(Exercise brief): Your answer must be an exact copy of the records, minus any pictures.

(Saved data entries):
----
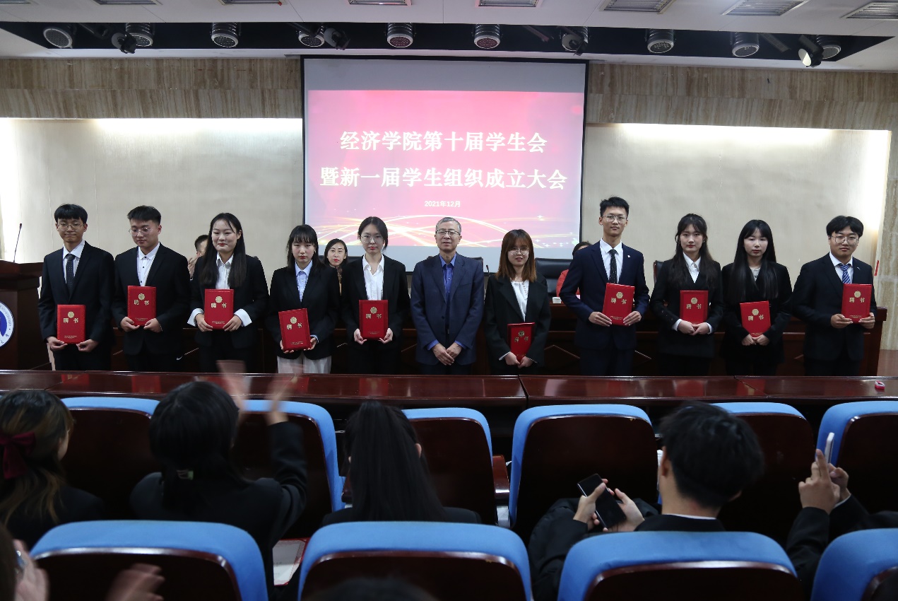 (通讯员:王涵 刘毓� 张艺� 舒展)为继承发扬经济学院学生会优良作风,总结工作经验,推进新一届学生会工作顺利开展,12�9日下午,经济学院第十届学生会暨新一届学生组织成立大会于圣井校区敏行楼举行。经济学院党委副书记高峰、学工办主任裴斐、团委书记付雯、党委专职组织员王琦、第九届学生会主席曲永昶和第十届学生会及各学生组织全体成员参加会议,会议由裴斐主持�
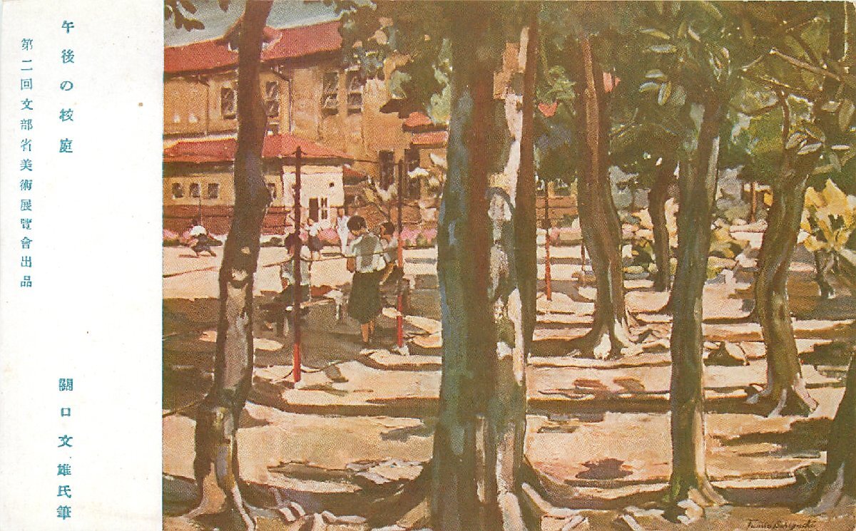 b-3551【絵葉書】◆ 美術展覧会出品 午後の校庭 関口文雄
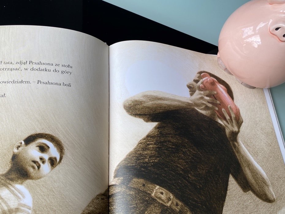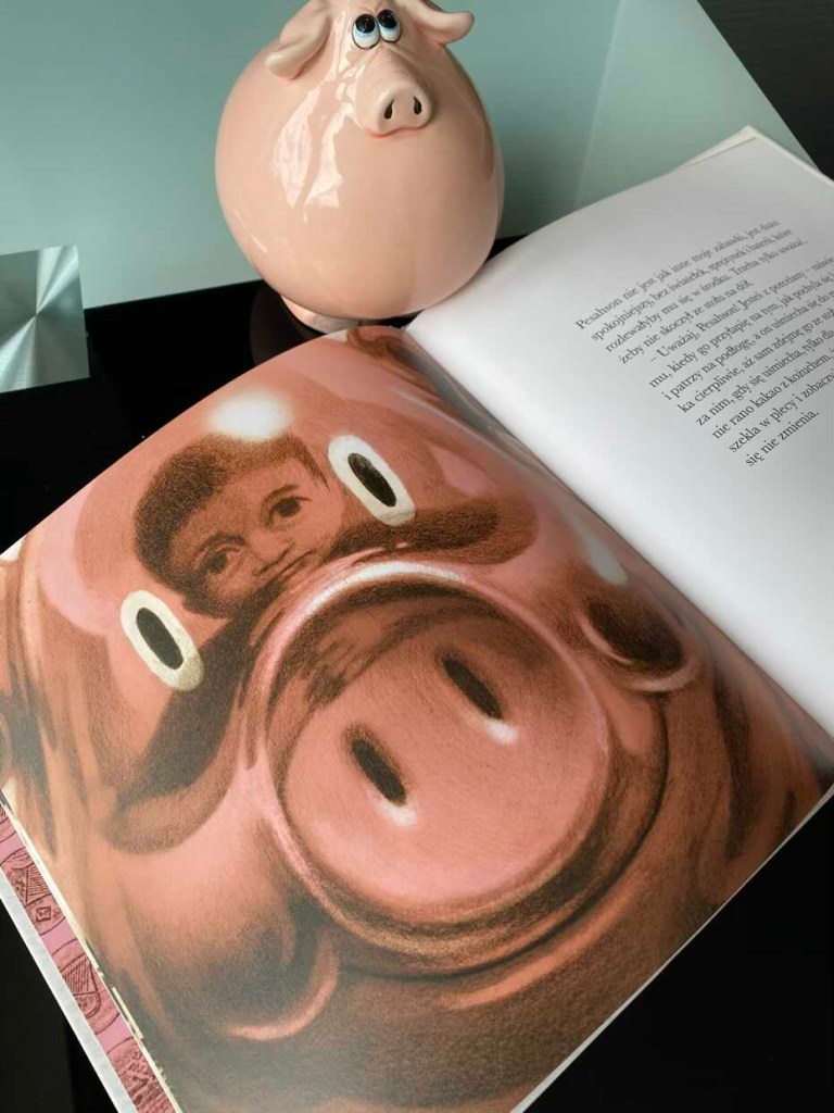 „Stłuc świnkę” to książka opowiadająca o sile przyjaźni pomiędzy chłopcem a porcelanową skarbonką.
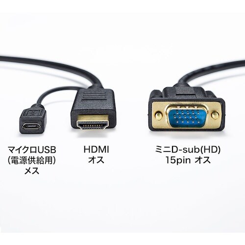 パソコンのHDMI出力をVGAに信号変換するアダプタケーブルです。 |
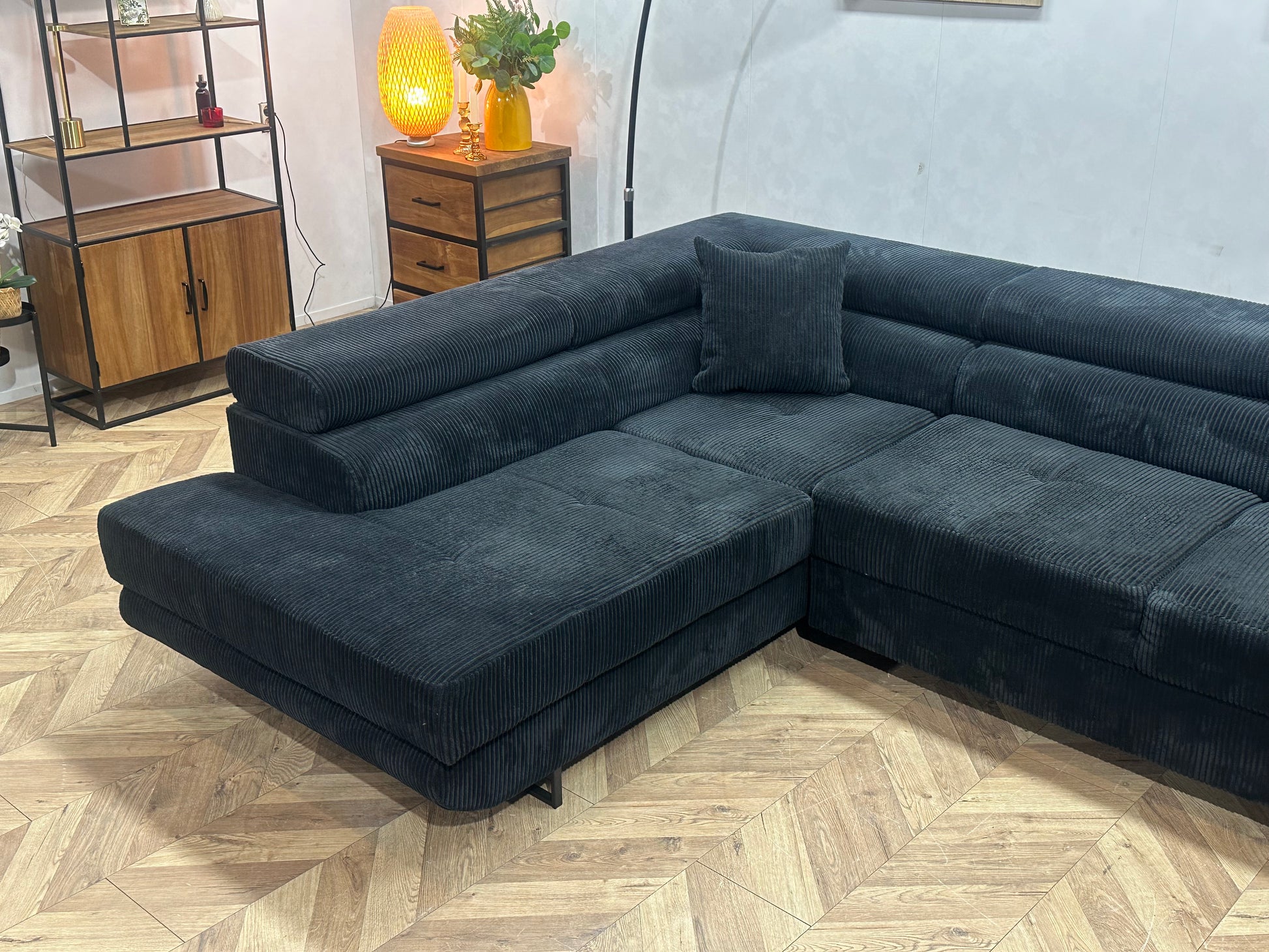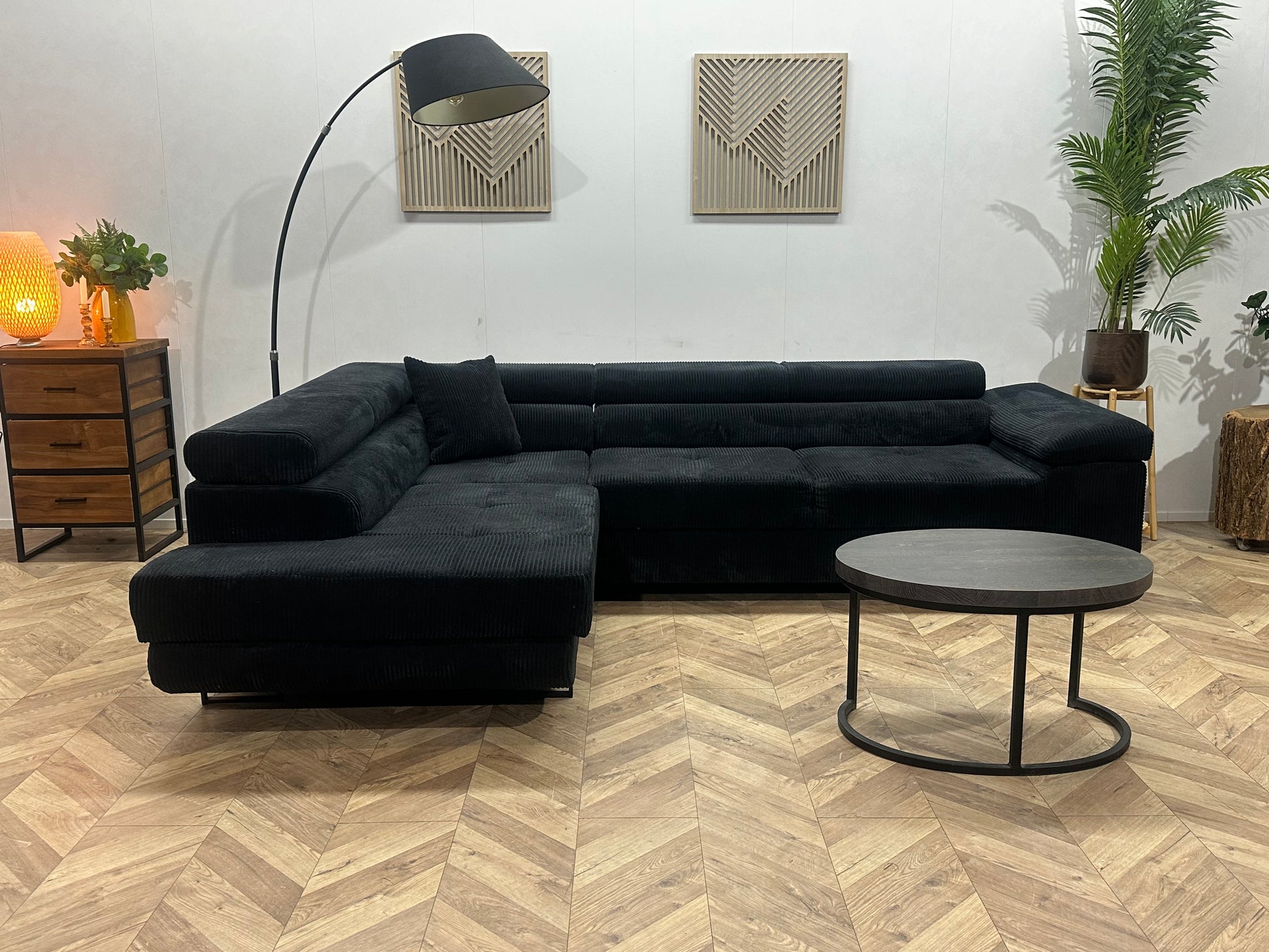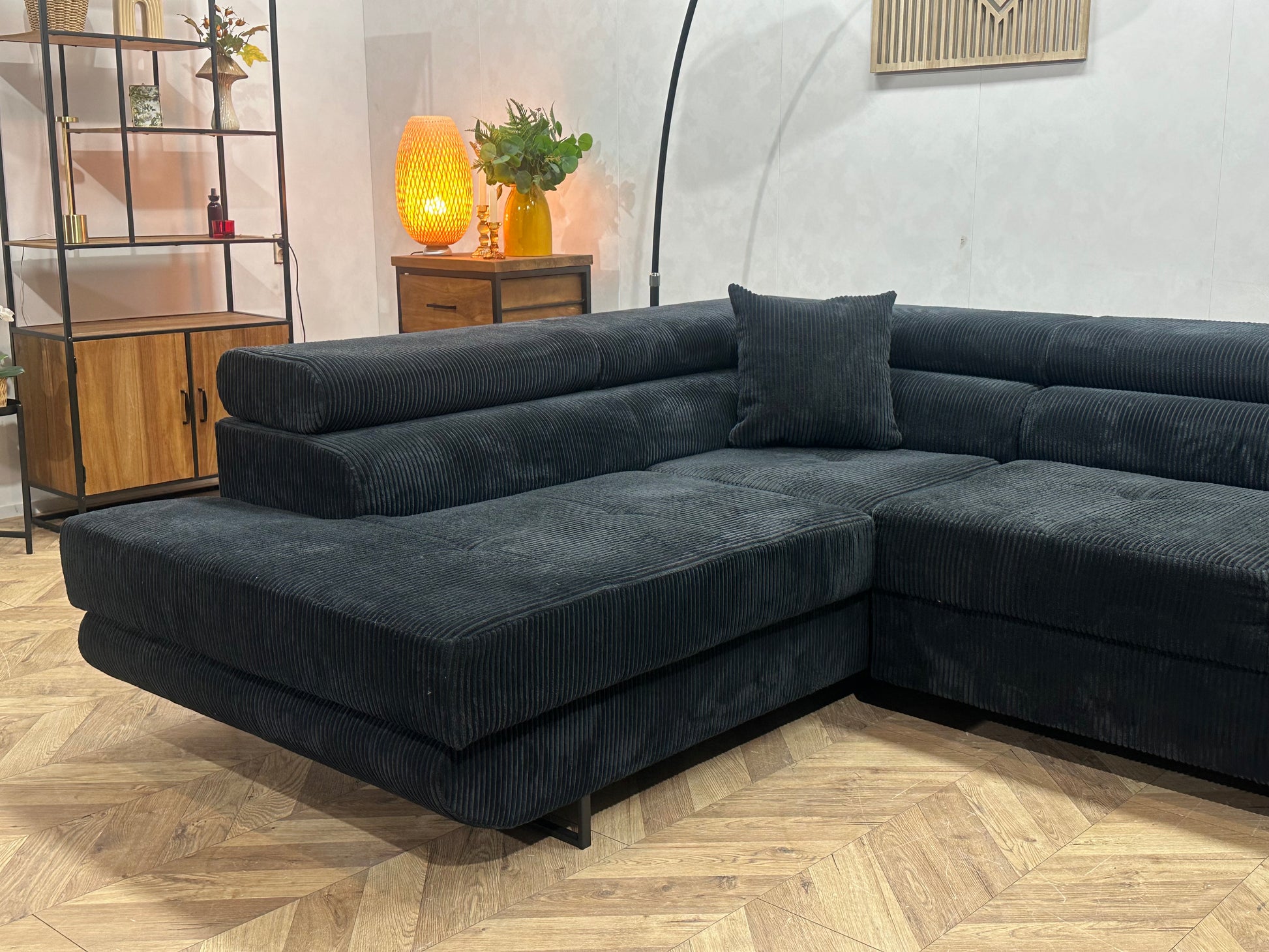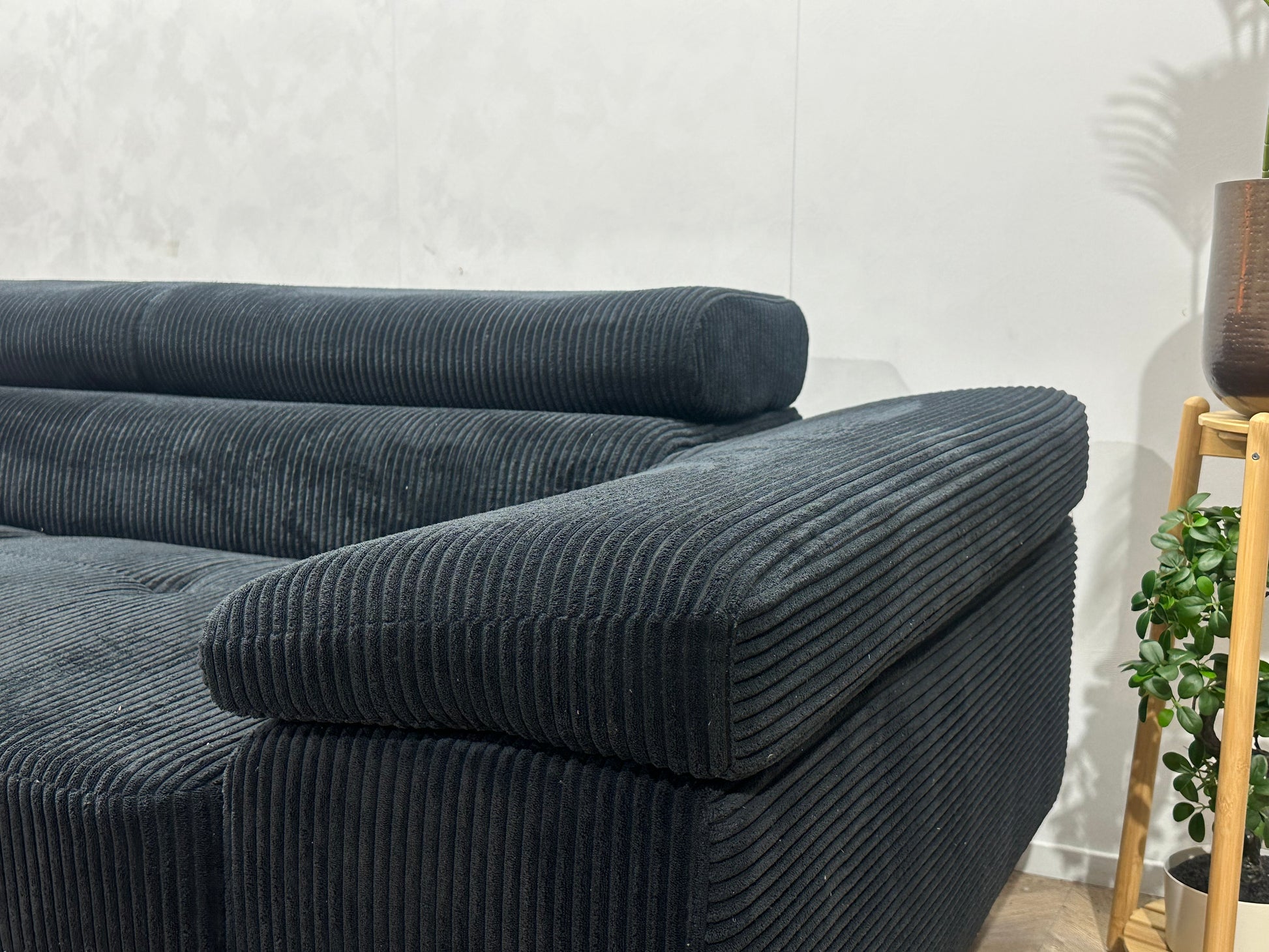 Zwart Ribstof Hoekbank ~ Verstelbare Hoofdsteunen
----
(Answer to this exercise):
 (通讯员:王涵 刘毓� 张艺� 舒展)为继承发扬经济学院学生会优良作风,总结工作经验,推进新一届学生会工作顺利开展,12�9日下午,经济学院第十届学生会暨新一届学生组织成立大会于圣井校区敏行楼举行。经济学院党委副书记高峰、学工办主任裴斐、团委书记付雯、党委专职组织员王琦、第九届学生会主席曲永昶和第十届学生会及各学生组织全体成员参加会议,会议由裴斐主持�
 b-3551【絵葉書】◆ 美術展覧会出品 午後の校庭 関口文雄
 „Stłuc świnkę” to książka opowiadająca o sile przyjaźni pomiędzy chłopcem a porcelanową skarbonką.
 パソコンのHDMI出力をVGAに信号変換するアダプタケーブルです。 |
 Zwart Ribstof Hoekbank ~ Verstelbare Hoofdsteunen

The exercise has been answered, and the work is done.